%%

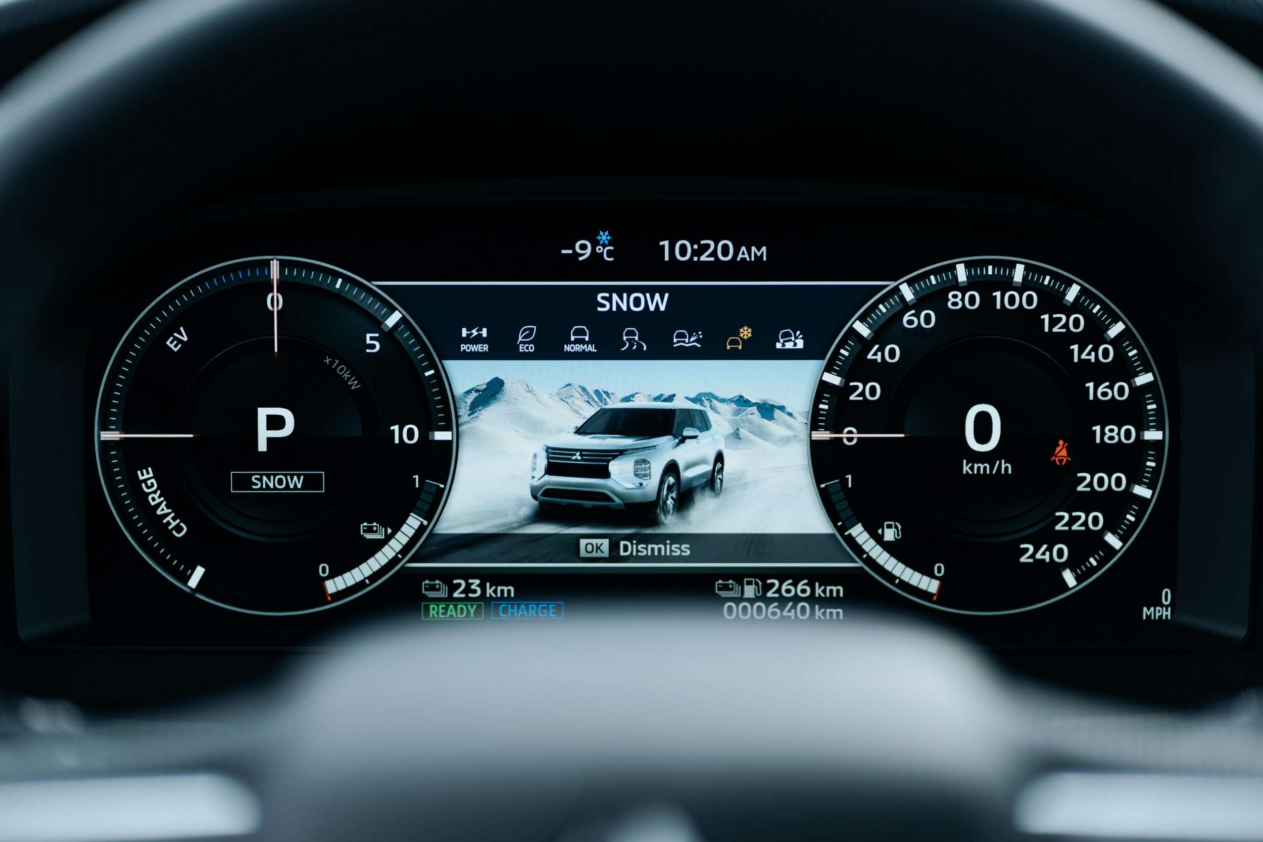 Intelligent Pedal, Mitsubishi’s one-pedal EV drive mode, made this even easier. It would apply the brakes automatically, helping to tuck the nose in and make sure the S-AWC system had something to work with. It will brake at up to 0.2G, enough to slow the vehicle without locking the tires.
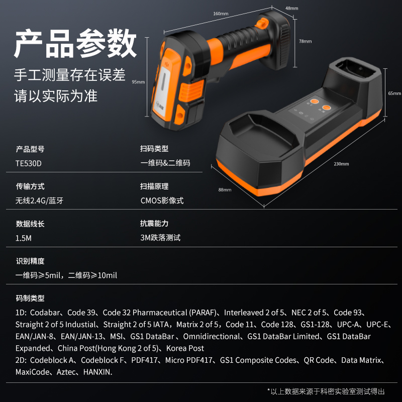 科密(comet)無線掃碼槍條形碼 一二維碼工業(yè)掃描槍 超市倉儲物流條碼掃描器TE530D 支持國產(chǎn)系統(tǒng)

%%
%%

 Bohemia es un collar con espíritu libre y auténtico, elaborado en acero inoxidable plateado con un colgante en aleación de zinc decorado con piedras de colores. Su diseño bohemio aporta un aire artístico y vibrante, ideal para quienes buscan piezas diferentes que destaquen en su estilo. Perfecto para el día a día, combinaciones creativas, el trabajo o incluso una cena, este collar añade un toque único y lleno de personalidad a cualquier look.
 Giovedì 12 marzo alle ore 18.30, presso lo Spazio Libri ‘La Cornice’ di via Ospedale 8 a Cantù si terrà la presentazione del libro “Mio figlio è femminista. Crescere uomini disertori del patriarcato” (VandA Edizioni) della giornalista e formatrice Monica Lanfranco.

%%
%%

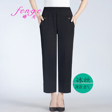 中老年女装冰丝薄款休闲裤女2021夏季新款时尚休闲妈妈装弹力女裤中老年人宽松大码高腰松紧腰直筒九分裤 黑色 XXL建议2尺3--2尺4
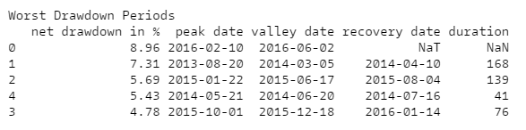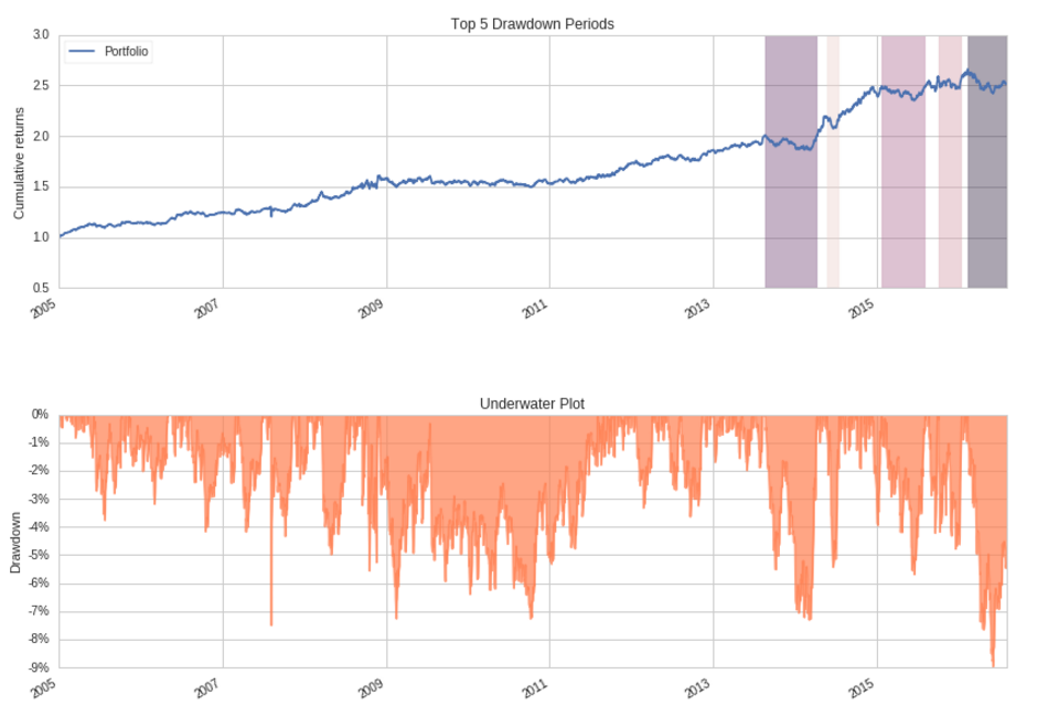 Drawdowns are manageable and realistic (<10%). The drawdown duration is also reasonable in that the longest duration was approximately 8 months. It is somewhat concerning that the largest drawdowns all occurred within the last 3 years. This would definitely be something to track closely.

%%

**What to do:**
Look back at the data above, then output exactly the lines from the line holding "Intelligent Pedal, Mitsubishi’s" up to and including the line holding "科密(comet)無線掃碼槍條形碼 一二維碼工業(yè)掃描槍 超市倉儲物流條碼掃描器TE530D". Leave out the pictures.

**Exercise solution:**
 Intelligent Pedal, Mitsubishi’s one-pedal EV drive mode, made this even easier. It would apply the brakes automatically, helping to tuck the nose in and make sure the S-AWC system had something to work with. It will brake at up to 0.2G, enough to slow the vehicle without locking the tires.
 科密(comet)無線掃碼槍條形碼 一二維碼工業(yè)掃描槍 超市倉儲物流條碼掃描器TE530D 支持國產(chǎn)系統(tǒng)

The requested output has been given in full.